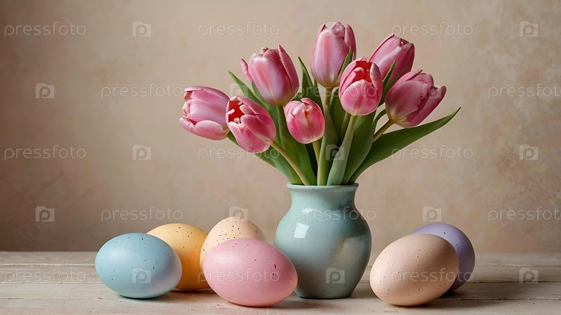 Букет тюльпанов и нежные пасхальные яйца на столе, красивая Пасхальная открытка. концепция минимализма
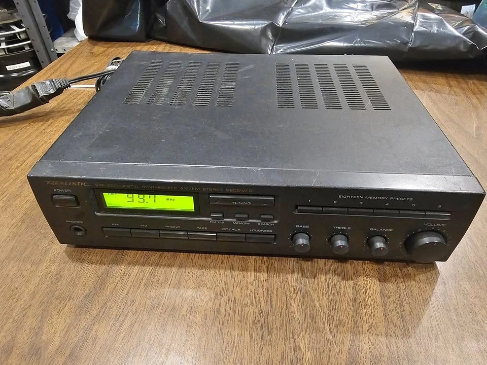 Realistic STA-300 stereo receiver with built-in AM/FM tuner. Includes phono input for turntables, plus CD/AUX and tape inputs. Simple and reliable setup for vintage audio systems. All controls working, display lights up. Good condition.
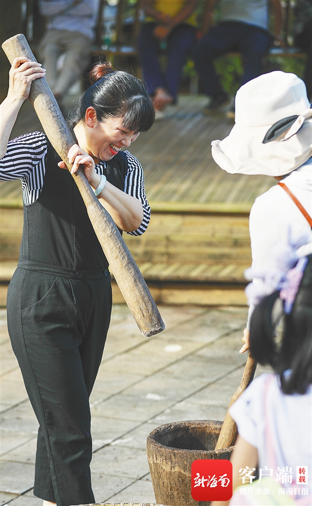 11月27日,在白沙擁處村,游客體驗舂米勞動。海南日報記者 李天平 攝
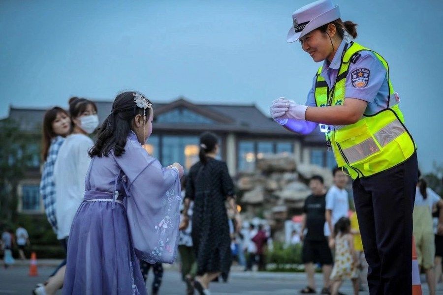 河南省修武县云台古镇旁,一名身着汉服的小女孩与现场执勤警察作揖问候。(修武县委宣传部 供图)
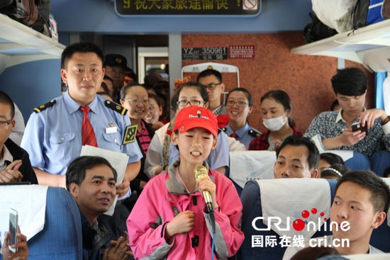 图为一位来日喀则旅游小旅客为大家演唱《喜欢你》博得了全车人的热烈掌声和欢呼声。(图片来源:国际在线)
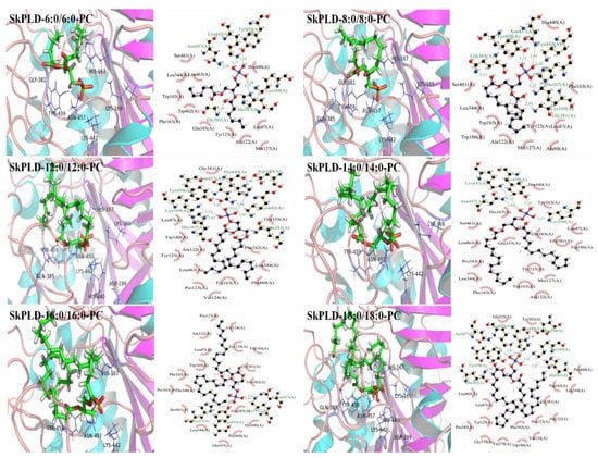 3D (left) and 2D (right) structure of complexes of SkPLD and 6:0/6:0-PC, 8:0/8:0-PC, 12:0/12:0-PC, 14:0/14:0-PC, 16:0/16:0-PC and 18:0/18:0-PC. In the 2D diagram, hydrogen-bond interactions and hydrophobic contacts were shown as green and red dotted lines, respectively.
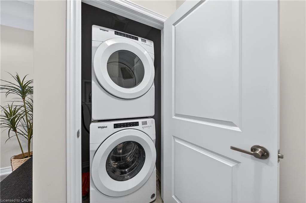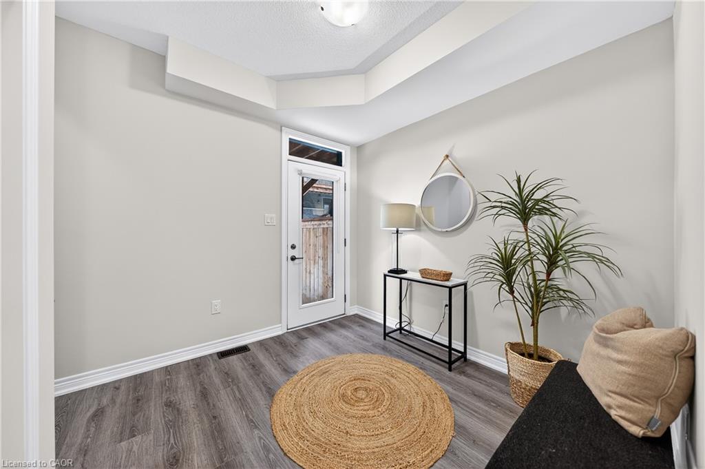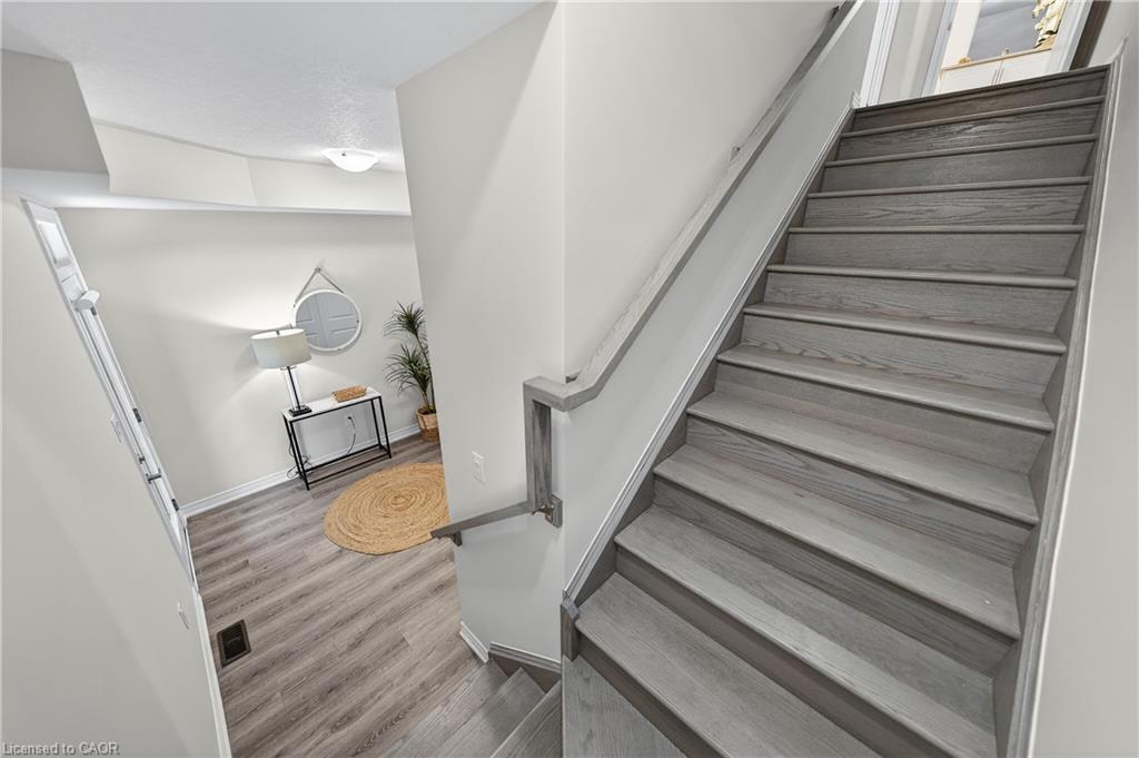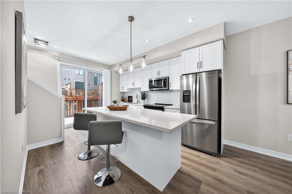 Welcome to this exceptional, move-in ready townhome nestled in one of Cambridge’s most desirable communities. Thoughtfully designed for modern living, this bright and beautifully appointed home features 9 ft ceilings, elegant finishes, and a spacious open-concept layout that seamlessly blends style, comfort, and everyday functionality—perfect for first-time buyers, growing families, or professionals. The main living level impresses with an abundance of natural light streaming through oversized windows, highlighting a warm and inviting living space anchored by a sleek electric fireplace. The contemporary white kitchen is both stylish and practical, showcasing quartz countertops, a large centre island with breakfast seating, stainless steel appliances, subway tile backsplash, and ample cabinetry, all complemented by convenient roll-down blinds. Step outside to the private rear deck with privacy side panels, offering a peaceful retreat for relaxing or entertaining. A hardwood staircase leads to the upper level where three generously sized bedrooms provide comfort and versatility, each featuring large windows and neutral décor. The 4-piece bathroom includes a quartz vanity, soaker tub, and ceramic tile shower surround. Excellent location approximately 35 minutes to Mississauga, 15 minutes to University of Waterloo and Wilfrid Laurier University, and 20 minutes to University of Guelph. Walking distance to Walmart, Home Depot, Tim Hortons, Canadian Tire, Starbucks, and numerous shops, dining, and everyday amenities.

+-------+

REQUIRED ACTION:
Leave out the pictures and return every record word for word.

REPLY:
 Букет тюльпанов и нежные пасхальные яйца на столе, красивая Пасхальная открытка. концепция минимализма
 Realistic STA-300 stereo receiver with built-in AM/FM tuner. Includes phono input for turntables, plus CD/AUX and tape inputs. Simple and reliable setup for vintage audio systems. All controls working, display lights up. Good condition.
 11月27日,在白沙擁處村,游客體驗舂米勞動。海南日報記者 李天平 攝
 河南省修武县云台古镇旁,一名身着汉服的小女孩与现场执勤警察作揖问候。(修武县委宣传部 供图)
 图为一位来日喀则旅游小旅客为大家演唱《喜欢你》博得了全车人的热烈掌声和欢呼声。(图片来源:国际在线)
 3D (left) and 2D (right) structure of complexes of SkPLD and 6:0/6:0-PC, 8:0/8:0-PC, 12:0/12:0-PC, 14:0/14:0-PC, 16:0/16:0-PC and 18:0/18:0-PC. In the 2D diagram, hydrogen-bond interactions and hydrophobic contacts were shown as green and red dotted lines, respectively.
 Welcome to this exceptional, move-in ready townhome nestled in one of Cambridge’s most desirable communities. Thoughtfully designed for modern living, this bright and beautifully appointed home features 9 ft ceilings, elegant finishes, and a spacious open-concept layout that seamlessly blends style, comfort, and everyday functionality—perfect for first-time buyers, growing families, or professionals. The main living level impresses with an abundance of natural light streaming through oversized windows, highlighting a warm and inviting living space anchored by a sleek electric fireplace. The contemporary white kitchen is both stylish and practical, showcasing quartz countertops, a large centre island with breakfast seating, stainless steel appliances, subway tile backsplash, and ample cabinetry, all complemented by convenient roll-down blinds. Step outside to the private rear deck with privacy side panels, offering a peaceful retreat for relaxing or entertaining. A hardwood staircase leads to the upper level where three generously sized bedrooms provide comfort and versatility, each featuring large windows and neutral décor. The 4-piece bathroom includes a quartz vanity, soaker tub, and ceramic tile shower surround. Excellent location approximately 35 minutes to Mississauga, 15 minutes to University of Waterloo and Wilfrid Laurier University, and 20 minutes to University of Guelph. Walking distance to Walmart, Home Depot, Tim Hortons, Canadian Tire, Starbucks, and numerous shops, dining, and everyday amenities.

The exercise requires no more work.